Female genital cutting and HIV/AIDS among Kenyan women

Type Journal Article - Studies in Family Planning
Title Female genital cutting and HIV/AIDS among Kenyan women
Author(s)
Volume 38
Issue 2
Publication (Day/Month/Year) 2007
Page numbers 73-88
URL http://www.ncbi.nlm.nih.gov/pubmed/17642409
Abstract
Female genital cutting (FGC) and HIV/AIDS are both highly prevalent in sub-Saharan Africa, and researchers have speculated that the association may be more than coincidental. Data from 3,167 women aged 15-49 who participated in the 2003 Kenya Demographic and Health Survey (KDHS) are used to test the direct and indirect associations of FGC with HIV. Our adjusted models suggest that FGC is not associated directly with HIV, but is associated indirectly through several pathways.
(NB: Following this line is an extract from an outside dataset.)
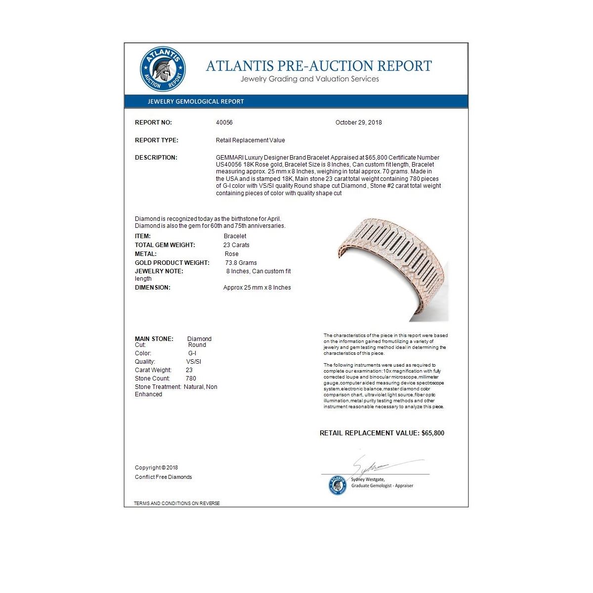 Bidders agree to pay a 19% buyer's premium added to the hammer price of the lot being auctioned. Condition reports and/or Gemological reports in Auction catalog are not guaranteed and may vary in accuracy. It is the responsibility of prospective bidders to inspect the goods. All reports, measurements, opinion of values, age and quality are offered by Oxford Auction but are not guaranteed. Neither the auction house, nor the consignor, is responsible for the accuracy of printed or verbal descriptions or its authenticity. All jewelry items sold by Oxford Auction are evaluated by third party appraisal firms where certified GIA gemologists evaluate the weight, size and grade of gemstone and/or metal to determine the replacement value of the item. Please be advised that all appraisals are done for insurance purposes only and do not determine the actual value of the jewelry on auction. The appraisals are done for the sole purpose of protecting the buyer in the event of damage or loss of purchased jewelry items from Oxford Auction. Oxford Auction is not responsible for the opinions and appraisals of any third party appraisal firms and their experts.

Cut women are 1.72 times more likely than uncut women to have older partners, and women with older partners are 2.65 times more likely than women with younger partners to test positive for HIV. Cut women have 1.94 times higher odds than uncut women of initiating sexual intercourse before they are 20, and women who experience their sexual debut before age 20 have 1.73 times higher odds than those whose sexual debut comes later of testing positive for HIV. Cut women have 27 percent lower odds of having at least one extra-union partner, and women with an extra-union partner have 2.63 times higher odds of testing positive for HIV. Therefore, in Kenya, FGC may be an early life-course event that indirectly alters women's odds of becoming infected with HIV through protective and harmful practices in adulthood.